Loi d'Ohm en régime sinusoïdal permanent, notion d'impédance

A : \(\displaystyle{ \underline{u} = \underline{e} . \frac{\underline{Z}_1}{\underline{Z}_1 + \underline{Z}_2} }\) (1/2 pt)

\(\underline{Z}_1 = R + j . L . \omega\) (1/2 pt)

et \(\displaystyle{ \underline{Z}_2 = \frac{1}{j . C . \omega} }\) (1/2 pt)

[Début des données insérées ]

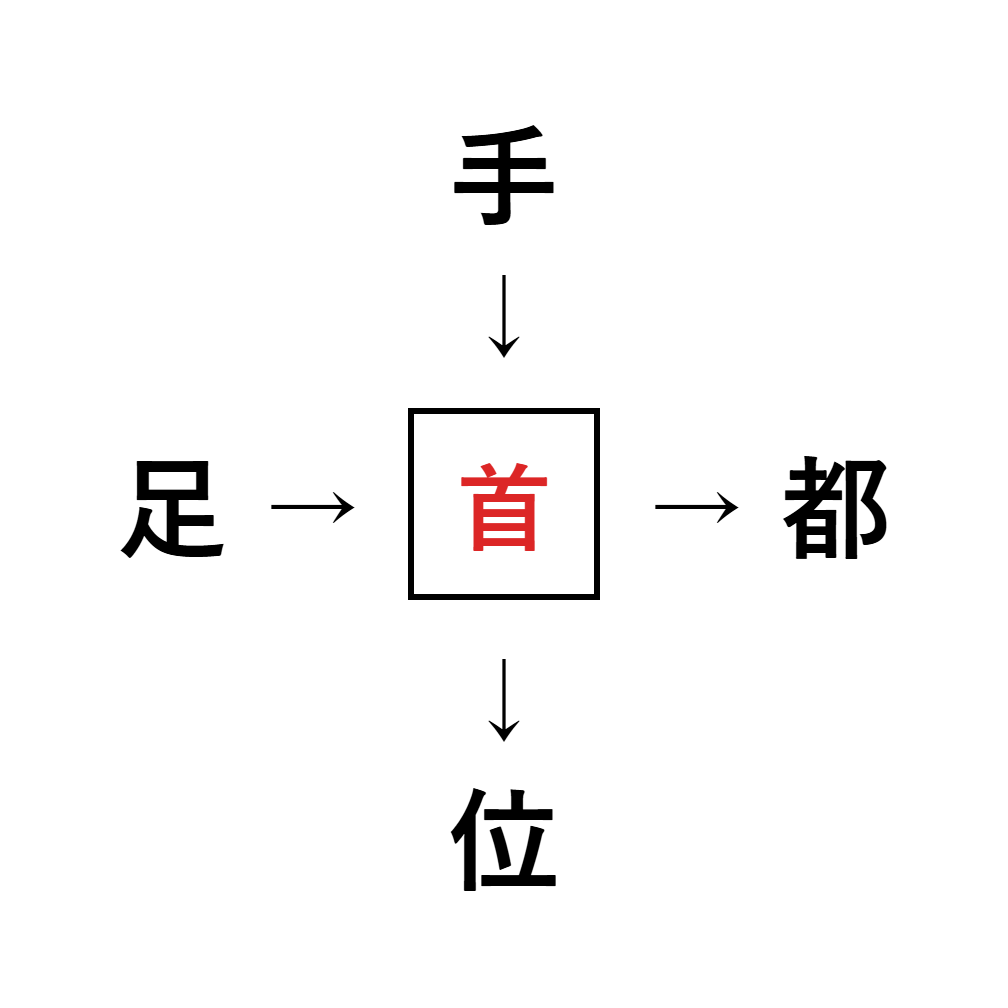手首・首都・首位・足首のように、共通する漢字は「首」です。

d'où \(\displaystyle{ \underline{u} = \underline{e} . \frac{R + j . L . \omega}{R + j . \left( L . \omega - \frac{1}{C . \omega} \right) }}\) (1/2 pt)

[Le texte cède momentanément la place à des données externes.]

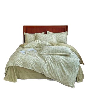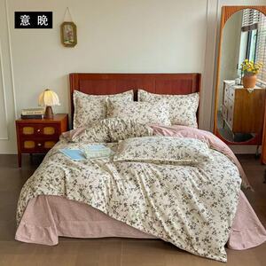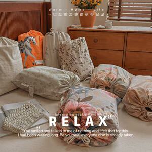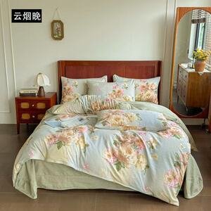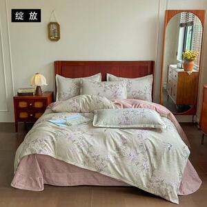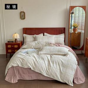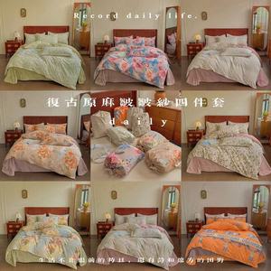 加厚高克重复古仿原麻皱皱纱四件套小布袋床上用品双人印花套件

B : \(\displaystyle{ \underline{u} = \underline{e} . \frac{\underline{Y}_1}{\underline{Y}_1 + \underline{Y}_2 } }\),

\(\underline{Y}_1 = G_1 + j . C_1 . \omega\)

et \(\underline{Y}_2 = G_2 + j . C_2 . \omega\) ,

avec : \(\displaystyle{ G_1 = \frac{1}{R_1} }\) et \(\displaystyle{ G_2 = \frac{1}{R_2} }\)

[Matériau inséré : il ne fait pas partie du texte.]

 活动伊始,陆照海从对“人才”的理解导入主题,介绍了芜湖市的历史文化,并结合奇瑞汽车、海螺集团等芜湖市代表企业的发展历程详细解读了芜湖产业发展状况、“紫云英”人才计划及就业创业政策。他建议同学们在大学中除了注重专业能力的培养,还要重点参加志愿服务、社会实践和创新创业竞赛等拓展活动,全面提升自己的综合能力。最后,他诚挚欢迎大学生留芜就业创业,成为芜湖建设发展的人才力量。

\(\displaystyle{ \underline{u} = \frac{(G_1 + j . C_1 . \omega) . \underline{e}}{G_1 + G_2 + j . \omega . (C_1 + C_2)} }\) (2 pts)

\(\displaystyle{ \underline{u} = \frac{\underline{e} . (1 + j . C_1 . R_1 . \omega)}{1 + \frac{R_1}{R_2} + j . \omega . R_1 . (C_1 + C_2)} = \underline{e} . \frac{R_2}{R_1 + R_2} . \frac{1 + j . C_1 . R_1 . \omega}{1 + j . \omega . \frac{R_1.R_2}{R_1 + R_2} . (C_1 + C_2) } }\)

C : \(\displaystyle{ \underline{u} = \underline{e} . \frac{1}{1 + \underline{Y}_2 . \underline{Z}_1} }\),

\(\underline{Y}_2 = G_2 + j . C . \omega\),

et \(\underline{Z}_1 = R_1 + j . L . \omega\)

\(\displaystyle{ \underline{u} = \underline{e} . \frac{1}{1 + (G_2 + j . C . \omega) . (R_1 + j . L . \omega)}}\) (2 pts)